> [ASSIGNED TASK]
The printed result should hold only the lines from the opening of the data through the line bearing "You’re going to", exactly as given and without pictures.

▬▬▬▬▬▬▬▬▬▬

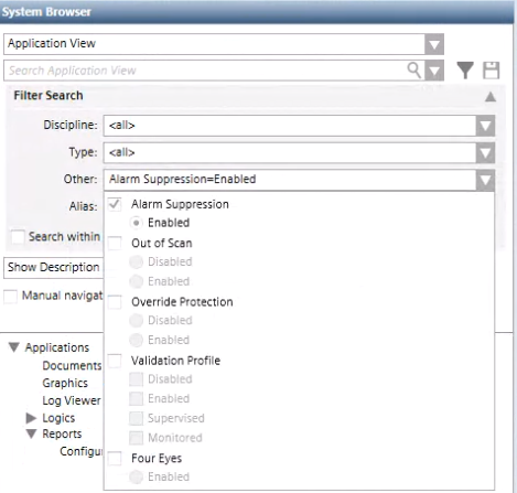 - In System Browser, select the system object for which you want to enable alarm suppression.
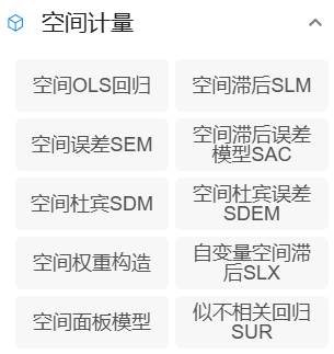 每种模型都有其特定的数学表达形式和适用条件,研究者需要根据具体研究问题和数据特征选择合适的模型。SPSSAU【空间计量】模块提供方法示例如下:
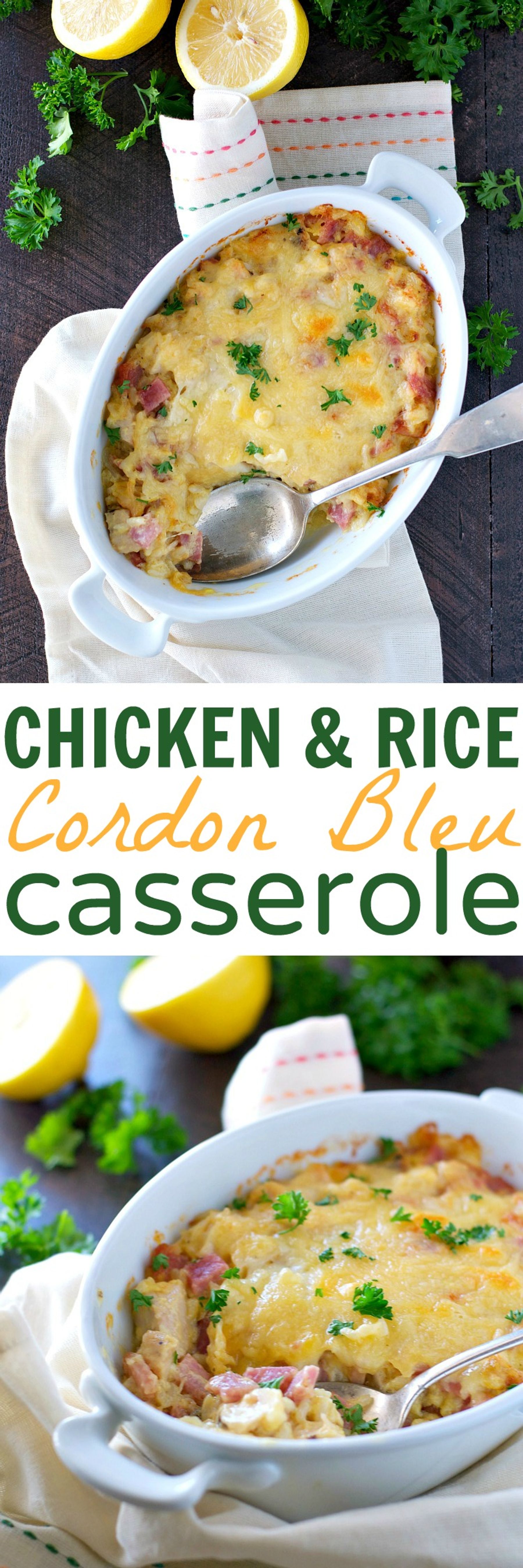 You’re going to love how easy this dump-and-bake Chicken and Rice Cordon Bleu Casserole comes together! It’s the perfect leftover ham recipe, and a great way to use up some rotisserie chicken. Topped with grated Swiss cheese, this creamy 10-minute meal is a quick comfort food dinner that the whole family will devour!
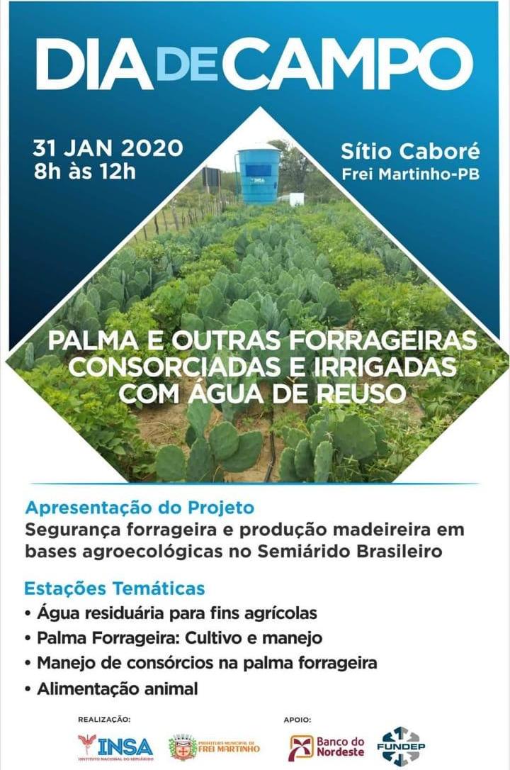O evento será realizado no Sítio Caboré, em Frei Martinho (PB), e está com início previsto para às 08 horas. Durante a oportunidade serão discutidos os seguintes temas: Água Residuária para fins agrícolas; Palma Forrageira: Cultivo e Manejo; Manejo de Consórcios na Palma Forrageira e Alimentação Animal.
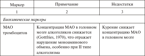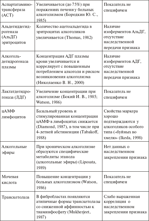 Биологические маркеры алкоголизма представляют собой биохимические, нейрохимические, электрофизиологические, клинические и другие показатели деятельности функциональных систем организма, которые возникают при длительном употреблении этилового алкоголя и сохраняются в организме после полного прекращения его употребления. В результате хромосомных аберраций некоторые маркеры закрепляются настолько прочно, что входят в «генетическую память» и передаются по наследству прямым родственникам. Определение биохимических и электрофизиологических (преимущественно) показателей, характеризующих зависимость от алкоголя, имеет большое значение как для клинической практики, так и для судебно-медицинских исследований.
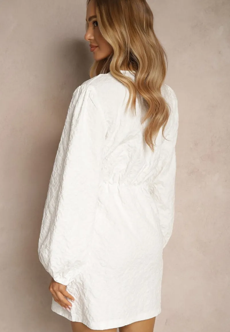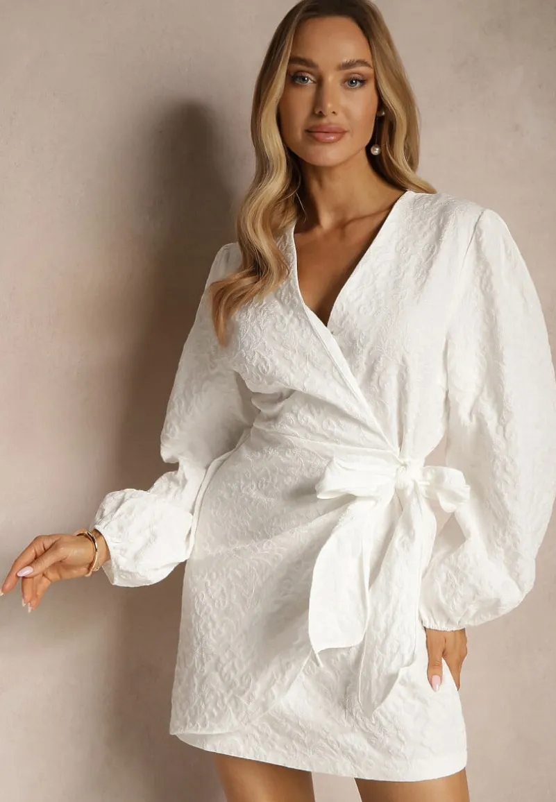 Biała Taliowana Sukienka o Kopertowym Fasonie Fadasse
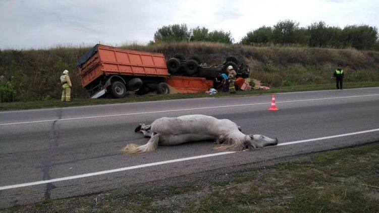 В россии от столкновения с лошадью перевернулся Камаз. Фото: ГИБДД Железногорска

▬▬▬▬▬▬▬▬▬▬

> [RESPONSE BELOW]
 - In System Browser, select the system object for which you want to enable alarm suppression.
 每种模型都有其特定的数学表达形式和适用条件,研究者需要根据具体研究问题和数据特征选择合适的模型。SPSSAU【空间计量】模块提供方法示例如下:
 You’re going to love how easy this dump-and-bake Chicken and Rice Cordon Bleu Casserole comes together! It’s the perfect leftover ham recipe, and a great way to use up some rotisserie chicken. Topped with grated Swiss cheese, this creamy 10-minute meal is a quick comfort food dinner that the whole family will devour!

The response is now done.